Lafaine fit arrêter le cheval, pour leur permettre de le contempler à l’aise, tandis que plusieurs de leurs camarades demeuraient près d’un trou fait dans le mur de la cour et semblaient y observer quelque chose avec attention. Un jeune écolier, s’en approchait, une pierre à la main, dans une intention méchante, tandis qu’un autre, plus rusé ou plus charitable, se mettait à genoux et offrait du pain, sans doute à quelque animal qu’il voulait faire sortir.
FRANCO SE MIT A GAMBADER. (PAGE 20.)
— Ici, Pompée, disait-il, d’un ton engageant, viens pauvre Pompée!
— C’est sans doute un chien qui s’appelle ainsi, dit judicieusement Riquet.
Et aussitôt apparut, à l’ouverture du trou, une tête de chien, blanche avec des oreilles de couleur fauve.
— Je crois que c’est Franco, dit Riquet qui descendit du palanquin et se mit à l’appeler en courant vers l’école.

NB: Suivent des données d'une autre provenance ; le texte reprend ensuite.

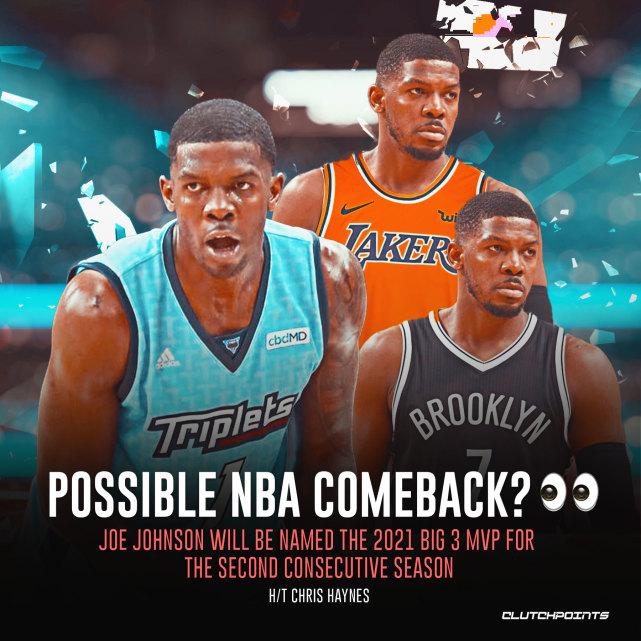 生涯至今,乔-约翰逊场均16分4篮板3.9助攻,7次入选全明星。17年NBA生涯,他累计赚到的薪水高达2.2亿美元。美媒clutchpoints晒出了他身穿篮网和湖人球衣的P图,提出问题:获得BIG联赛MVP的乔-约翰逊还有可能重返NBA赛场吗?

Et c’était bien Franco qui s’élança hors du trou et se mit à gambader autour du jeune garçon, avec une joie folle, sauta dans le palanquin et se blottit contre Madeleine.
Riquet apprit des écoliers qu’en arrivant le matin, à l’école ils avaient trouvé le chien couché sur les marches du perron et que, effrayé par leurs cris, il s’était réfugié dans le trou où Mary Bell, une de leurs camarades, lui avait porté à manger. A la fin de la classe elle était revenue, pour voir ce qui s’était passé, et constata avec plaisir que l’intrus n’avait rien laissé de la pitance.
Alors, Lafaine, heureux d’avoir retrouvé Franco, proposa une promenade générale en palanquin, et Mary Bell fut chargée de demander l’autorisation à la maîtresse qui l’accorda. Elle ne savait rien refuser à la charmante Mary Bell, et ce fut une allégresse générale que cette promenade, sous la direction de Lafaine, mêlée d’éclats de rire et de clameurs joyeuses. Le retour, comme le départ, s’effectua dans les meilleures conditions, et avant de s’éloigner de Mary Bell, Madeleine l’embrassa avec effusion, en la remerciant de sa bonté pour Franco qu’elle avait empêché de mourir de faim; et elles se quittèrent les meilleures amies du monde.
Mme Henry ne s’opposa pas à ce qu’il y eût désormais deux chiens dans la maison.